NERSCPowering Scientific Discovery for 50 Years

NERSC Initiative for Scientific Exploration (NISE) 2011 Awards

New potential energy surface for ozone molecule

Dmitri Babikov, Marquette University

Associated NERSC Project: Coherent Control of the Ground Electronic State Molecular Dynamics (m409)

NISE Award: 1,450,000 Hours
Award Date: March 2011

New accurate potential energy surface of ozone will allow computational studied of spectroscopy and dynamics of this molecule, important for environment. In the upper atmosphere, stratosphere of our planet, ozone plays crucial role in protecting life on Earth from dangerous ultra-violet radiation from the sun. In the lower atmosphere, troposphere, ozone is the main component of the photochemical pollution in industrial areas (smog).
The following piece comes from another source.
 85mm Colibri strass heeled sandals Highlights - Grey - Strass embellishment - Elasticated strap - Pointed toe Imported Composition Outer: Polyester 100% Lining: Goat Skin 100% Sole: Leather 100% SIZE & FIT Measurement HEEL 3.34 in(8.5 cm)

We should try to reduce levels of tropospheric ozone, preserving the stratospheric ozone.

A very accurate ab initio tools must be employed, such as MRCI level calculations with CASSCF for the electronic structure of this molecule, with at least six electrons of each oxygen explicitly correlated. Very large basis sets are needed, up to sixtaple-zeta, and extrapolation of each point to the CBS limit should be performed. Without this, the dissociation energy of ozone can’t be reproduced accurately. The van der Waals region of ozone has shallow wells, and those are expected to play major role in the ozone formation dynamics. These wells must be accurately captured by the calculations. Furthermore, the spin-orbit interaction in the asymptotic region must be taken into account. The value of spin-orbit interaction is comparable in magnitude to depth of vdW wells. Both kinds of interaction need to be treated accurately at the same time.
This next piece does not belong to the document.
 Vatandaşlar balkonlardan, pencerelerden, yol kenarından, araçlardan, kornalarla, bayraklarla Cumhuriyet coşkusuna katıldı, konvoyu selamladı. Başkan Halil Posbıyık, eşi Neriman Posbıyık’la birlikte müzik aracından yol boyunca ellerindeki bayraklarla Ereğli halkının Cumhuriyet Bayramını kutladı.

The ab initio points is one component of the surface development, but choosing right strategy for fitting or splining the data is another important issue. The standard procedure of splining is too demanding and is out of question. We have in our tool box a fitting method based on symmetry invariant polynomials. This method offers very significant advantages for molecules with identical atoms, like ozone. The ozone is a perfect system to treat with this relatively new approach.